Товарищ Сталин намекнул, что армия разложена устаревшей пропагандой о том, что враг обязательно нападет на СССР и тогда будет война, а иначе советский народ будет наслаждаться вечным миром.

Товарищ Жуков намек понял: на стол вождя легли докладные, в результате которых новым начальником ГлавПУРА РККА был назначен Щербаков и начальником пропаганды и агитации у него – товарищ Запорожец. Вместе с Генштабом они отредактировали и принесли Сталину документ, который читать было одно наслаждение.

Документ назывался:


«О политических занятиях с красноармейцами и младшими командирами Красной Армии на летний период 1941 года.


…Многие политработники и групповоды политзанятий забыли известное положение Ленина о том, что «как только мы будем сильны настолько, чтобы сразить весь капитализм, мы немедленно схватим его за шиворот».

О войнах справедливых и несправедливых иногда дается такое толкование: если страна первая напала на другую и ведет наступательную войну, то эта война считается несправедливой…

Из этого делается вывод, что якобы Красная Армия будет вести только оборонительную войну, забывая ту истину, что всякая война, которую будет вести Советский Союз, будет войной СПРАВЕДЛИВОЙ ».


И Сталин с удовольствием сделал приписку: «Проработать в войсках не позднее 15 мая».

Еще один документ. Стоило товарищу Сталину упрекнуть военных, что обучение курсантов в сухопутных училищах длится непозволительно долго, как это безобразие было немедленно исправлено.

Но приятно то, что товарищи проявили настоящую партийную инициативу и добрались и до летных училищ.566

Это был приказ № 080 от 3 марта 1941 года:


Об установлении системы подготовки и порядка комплектования вузов Военно-Воздушных Сил и улучшения качества подготовки летного и технического состава.


Во исполнение постановления СНК СССР и ЦК ВКП(б) от 25 февраля 1941 года:

1. Установить следующую систему подготовки летного… состава ВВС Красной Армии:

…2. Школа военных пилотов.
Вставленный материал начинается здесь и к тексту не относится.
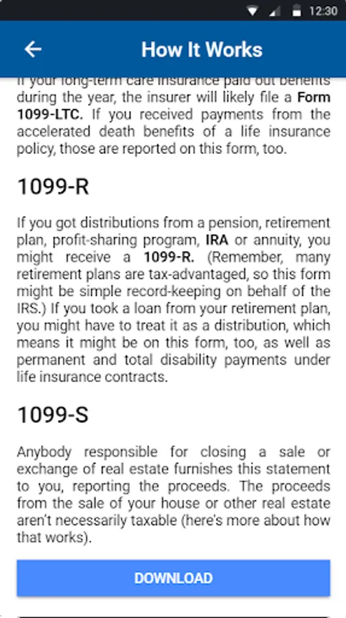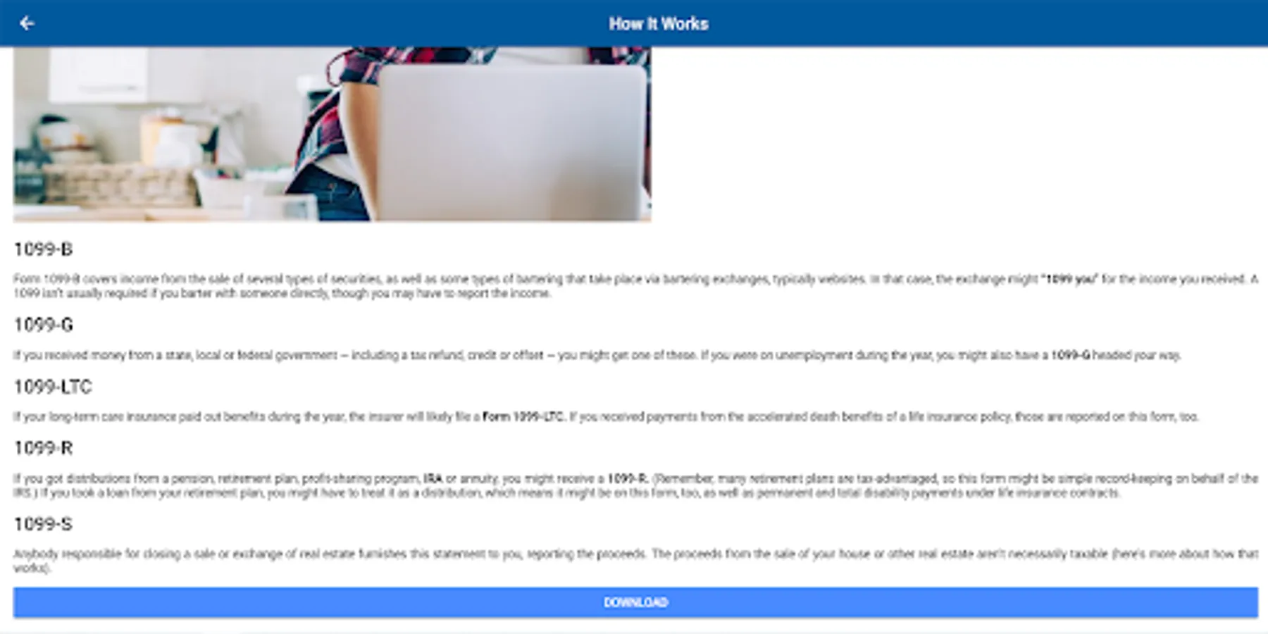 The 1099 form is a series of documents the Internal Revenue Service (IRS) refers to as "information returns." There are a number of different 1099 forms that report various types of payments you may receive throughout the year other than what a business might pay you.

Срок обучения: в мирное время – 9 месяцев, в военное время – 6 месяцев.

Задача школы – научить курсанта-пилота: пилотированию и применению боевого самолета днем в простых метеорологических условиях; групповым полетам в составе звена и дать практику в маршрутных полетах, с посадкой на незнакомых аэродромах, для чего включить в программу 10 таких полетов…

Установить в школах военных пилотов общий налет на курсанта на учебном и боевом самолетах:

а) для бомбардировщиков – 20 часов,

б) для истребителей – 24 часа.


Приказ этот можно считать очень передовым для своего времени, если вспомнить, что даже японцы в отчаянных попытках остановить американское наступление, создавшие в октябре 1944-го года корпус «камикадзе», и то давали своим смертникам налетать по 30 часов летного времени. А этот приказ датирован 3 марта 1941 года. Приоритет несомненен, а если еще вспомнить при этом, что пилотов сначала лишили офицерских званий, а затем в летные школы начался принудительный набор, потом им запретили жениться, то надо признать, что японцам с их «камикадзе» было далеко до того, что замысливал товарищ Сталин в 1941 году! Тучи смертников появились бы над Европой, забив обломками своих машин всю территорию несчастного континента. Ведь летные школы не успевали за конвейерным выпуском боевых самолетов.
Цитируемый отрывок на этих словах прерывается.